L’album "L’or et le Sang" réussit le pari de mettre en lumière une époque oubliée de l’histoire de France servie d’un dessin et de dialogues intelligemment ficelés.
Deux hommes, un aristo en déconfiture et un Corse vigoureux, scellent un pacte au sortir de la Grande guerre. Celui de vivre. A l’aube des années folles, en quittant tout pour l’aventure, alors que se fissure le rêve colonial. Le tome 1 de L’or et le sang, publié aux éditions 12bis, nous plonge au cœur d’une des premières révoltes coloniales, au tournant des années 1920. A l’âge où la France, l’Angleterre et l’Espagne n’avaient plus toutes leurs dents pour finir de croquer le monde. Les marocains du Rif sonnent les premiers le tocsin de la révolte contre l’animal occidental. De quoi ouvrir à nos deux larrons le marché des armes pour équiper les insurgés.

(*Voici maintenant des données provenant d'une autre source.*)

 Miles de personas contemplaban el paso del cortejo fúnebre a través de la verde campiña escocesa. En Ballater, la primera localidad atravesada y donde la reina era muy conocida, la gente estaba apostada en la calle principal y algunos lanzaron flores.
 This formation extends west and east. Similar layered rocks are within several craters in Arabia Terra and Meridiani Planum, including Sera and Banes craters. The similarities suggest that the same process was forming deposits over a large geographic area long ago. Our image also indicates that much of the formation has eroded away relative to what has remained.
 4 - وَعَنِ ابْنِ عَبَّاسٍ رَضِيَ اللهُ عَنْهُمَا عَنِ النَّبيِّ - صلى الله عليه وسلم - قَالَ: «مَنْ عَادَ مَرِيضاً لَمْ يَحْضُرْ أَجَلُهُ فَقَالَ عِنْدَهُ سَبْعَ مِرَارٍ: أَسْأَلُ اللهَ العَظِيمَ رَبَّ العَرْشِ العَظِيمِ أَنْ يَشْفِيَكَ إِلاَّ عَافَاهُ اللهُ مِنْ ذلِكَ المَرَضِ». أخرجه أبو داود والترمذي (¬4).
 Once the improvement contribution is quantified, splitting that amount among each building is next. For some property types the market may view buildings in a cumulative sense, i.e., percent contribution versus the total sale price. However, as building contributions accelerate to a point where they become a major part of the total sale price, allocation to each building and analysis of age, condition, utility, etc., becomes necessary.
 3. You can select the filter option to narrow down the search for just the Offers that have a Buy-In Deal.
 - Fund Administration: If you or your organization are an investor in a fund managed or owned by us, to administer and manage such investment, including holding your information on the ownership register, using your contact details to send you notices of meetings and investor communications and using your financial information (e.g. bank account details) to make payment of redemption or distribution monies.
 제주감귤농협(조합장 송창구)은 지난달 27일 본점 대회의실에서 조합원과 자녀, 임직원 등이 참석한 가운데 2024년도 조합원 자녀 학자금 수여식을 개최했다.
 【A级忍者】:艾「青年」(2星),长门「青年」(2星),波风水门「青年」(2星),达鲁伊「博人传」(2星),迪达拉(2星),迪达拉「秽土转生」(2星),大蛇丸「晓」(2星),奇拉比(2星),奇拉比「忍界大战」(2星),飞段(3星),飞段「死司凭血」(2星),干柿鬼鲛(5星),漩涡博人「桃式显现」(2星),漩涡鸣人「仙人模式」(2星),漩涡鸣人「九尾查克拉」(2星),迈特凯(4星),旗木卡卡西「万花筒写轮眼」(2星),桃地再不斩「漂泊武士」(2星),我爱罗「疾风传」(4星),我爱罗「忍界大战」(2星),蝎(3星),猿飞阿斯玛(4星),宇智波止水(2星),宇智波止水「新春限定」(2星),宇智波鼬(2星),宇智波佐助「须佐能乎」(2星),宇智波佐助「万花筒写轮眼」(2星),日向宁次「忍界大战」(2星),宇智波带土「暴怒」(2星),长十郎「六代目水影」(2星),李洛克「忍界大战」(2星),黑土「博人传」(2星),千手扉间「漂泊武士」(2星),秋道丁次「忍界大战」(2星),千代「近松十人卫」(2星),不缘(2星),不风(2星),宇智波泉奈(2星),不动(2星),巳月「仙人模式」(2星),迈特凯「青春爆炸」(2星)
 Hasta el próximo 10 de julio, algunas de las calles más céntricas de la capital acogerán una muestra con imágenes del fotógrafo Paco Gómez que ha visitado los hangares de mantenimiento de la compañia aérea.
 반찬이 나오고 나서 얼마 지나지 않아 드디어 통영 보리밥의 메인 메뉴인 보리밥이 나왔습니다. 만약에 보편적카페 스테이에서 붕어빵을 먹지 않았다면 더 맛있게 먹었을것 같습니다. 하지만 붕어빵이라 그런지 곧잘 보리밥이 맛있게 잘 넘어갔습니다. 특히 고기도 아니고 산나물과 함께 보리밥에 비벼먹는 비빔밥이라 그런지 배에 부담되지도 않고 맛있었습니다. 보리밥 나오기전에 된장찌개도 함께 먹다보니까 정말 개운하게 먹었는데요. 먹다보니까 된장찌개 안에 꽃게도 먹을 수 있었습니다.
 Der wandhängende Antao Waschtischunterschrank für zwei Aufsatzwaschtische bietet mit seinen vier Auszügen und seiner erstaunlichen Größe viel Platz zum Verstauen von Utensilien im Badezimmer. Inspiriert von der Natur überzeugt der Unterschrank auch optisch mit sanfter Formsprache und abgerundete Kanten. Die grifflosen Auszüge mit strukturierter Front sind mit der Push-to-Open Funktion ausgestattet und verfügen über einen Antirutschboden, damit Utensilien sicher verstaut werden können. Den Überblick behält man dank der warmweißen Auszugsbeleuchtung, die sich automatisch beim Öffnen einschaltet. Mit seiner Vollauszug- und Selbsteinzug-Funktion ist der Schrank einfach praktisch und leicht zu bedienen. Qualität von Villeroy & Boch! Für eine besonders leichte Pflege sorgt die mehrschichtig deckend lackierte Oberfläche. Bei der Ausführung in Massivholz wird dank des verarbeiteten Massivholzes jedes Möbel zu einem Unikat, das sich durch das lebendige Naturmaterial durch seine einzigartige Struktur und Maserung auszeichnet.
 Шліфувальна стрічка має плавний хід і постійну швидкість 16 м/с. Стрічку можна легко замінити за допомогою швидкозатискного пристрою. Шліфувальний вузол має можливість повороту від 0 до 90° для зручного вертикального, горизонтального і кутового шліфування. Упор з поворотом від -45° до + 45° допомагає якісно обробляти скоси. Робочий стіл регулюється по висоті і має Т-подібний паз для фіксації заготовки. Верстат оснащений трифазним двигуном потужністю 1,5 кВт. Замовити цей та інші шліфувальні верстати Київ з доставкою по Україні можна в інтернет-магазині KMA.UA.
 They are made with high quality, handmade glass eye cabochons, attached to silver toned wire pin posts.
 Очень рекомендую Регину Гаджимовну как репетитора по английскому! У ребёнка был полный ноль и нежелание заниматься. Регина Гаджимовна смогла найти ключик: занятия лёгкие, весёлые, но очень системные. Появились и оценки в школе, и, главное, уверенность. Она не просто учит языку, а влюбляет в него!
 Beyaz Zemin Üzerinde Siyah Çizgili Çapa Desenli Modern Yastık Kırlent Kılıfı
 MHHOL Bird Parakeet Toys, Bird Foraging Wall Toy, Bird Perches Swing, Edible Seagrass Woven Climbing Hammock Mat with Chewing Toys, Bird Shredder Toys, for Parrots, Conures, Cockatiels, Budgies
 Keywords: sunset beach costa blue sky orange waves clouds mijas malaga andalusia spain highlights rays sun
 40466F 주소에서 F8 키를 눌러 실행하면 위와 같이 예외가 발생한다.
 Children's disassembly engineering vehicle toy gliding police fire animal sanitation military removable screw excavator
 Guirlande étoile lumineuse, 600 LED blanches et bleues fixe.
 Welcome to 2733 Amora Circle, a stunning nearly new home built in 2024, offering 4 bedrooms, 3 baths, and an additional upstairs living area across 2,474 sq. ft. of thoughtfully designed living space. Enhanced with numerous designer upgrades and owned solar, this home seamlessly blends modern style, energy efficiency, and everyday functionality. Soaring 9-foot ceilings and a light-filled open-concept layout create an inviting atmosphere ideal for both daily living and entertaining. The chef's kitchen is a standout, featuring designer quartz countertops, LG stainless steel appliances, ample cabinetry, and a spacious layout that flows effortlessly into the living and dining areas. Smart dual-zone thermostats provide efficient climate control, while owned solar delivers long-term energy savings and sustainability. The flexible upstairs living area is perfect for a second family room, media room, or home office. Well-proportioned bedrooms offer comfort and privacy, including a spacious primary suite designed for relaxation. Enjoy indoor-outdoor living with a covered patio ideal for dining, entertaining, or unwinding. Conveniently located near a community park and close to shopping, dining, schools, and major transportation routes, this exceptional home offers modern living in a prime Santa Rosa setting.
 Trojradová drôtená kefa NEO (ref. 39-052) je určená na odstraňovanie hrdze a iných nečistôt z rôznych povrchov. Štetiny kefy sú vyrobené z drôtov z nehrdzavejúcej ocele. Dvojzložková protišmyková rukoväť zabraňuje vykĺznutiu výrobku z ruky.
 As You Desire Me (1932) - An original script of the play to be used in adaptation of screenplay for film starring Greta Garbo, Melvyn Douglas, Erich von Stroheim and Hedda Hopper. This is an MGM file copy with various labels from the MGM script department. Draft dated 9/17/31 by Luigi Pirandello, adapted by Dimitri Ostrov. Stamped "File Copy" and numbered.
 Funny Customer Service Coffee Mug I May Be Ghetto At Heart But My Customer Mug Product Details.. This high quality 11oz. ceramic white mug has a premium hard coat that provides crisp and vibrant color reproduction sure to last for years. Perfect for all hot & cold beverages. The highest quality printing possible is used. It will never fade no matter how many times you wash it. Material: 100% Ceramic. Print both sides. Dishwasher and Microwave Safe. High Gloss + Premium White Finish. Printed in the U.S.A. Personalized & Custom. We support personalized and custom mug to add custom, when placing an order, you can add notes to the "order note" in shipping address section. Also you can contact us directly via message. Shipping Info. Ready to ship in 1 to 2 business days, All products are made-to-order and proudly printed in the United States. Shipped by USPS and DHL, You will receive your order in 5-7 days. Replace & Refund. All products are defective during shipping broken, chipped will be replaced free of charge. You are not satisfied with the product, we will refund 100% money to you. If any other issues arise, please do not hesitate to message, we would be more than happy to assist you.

Le scénario de Defrance Nury, aux dialogues réalistes et exaltés, porte le dessin aux traits fins et aux couleurs laquées de Merwan Chabane et Fabien Bedouel à une forme de roman de la bande dessinée. L’histoire se creuse lentement comme un puits avec une aiguille. On suit l’évolution d’une relation de frères d’armes à celle de frères de sang liés par un pacte de dévorer la vie ensemble. L’or et le sang signe un équilibre de la plume et du crayon, une fresque historique qui nous emmène de Corse à Paris, de Marseille au Djebel, de l’horreur de la guerre à l’insouciance des rades parisiens. A l’étrange poésie.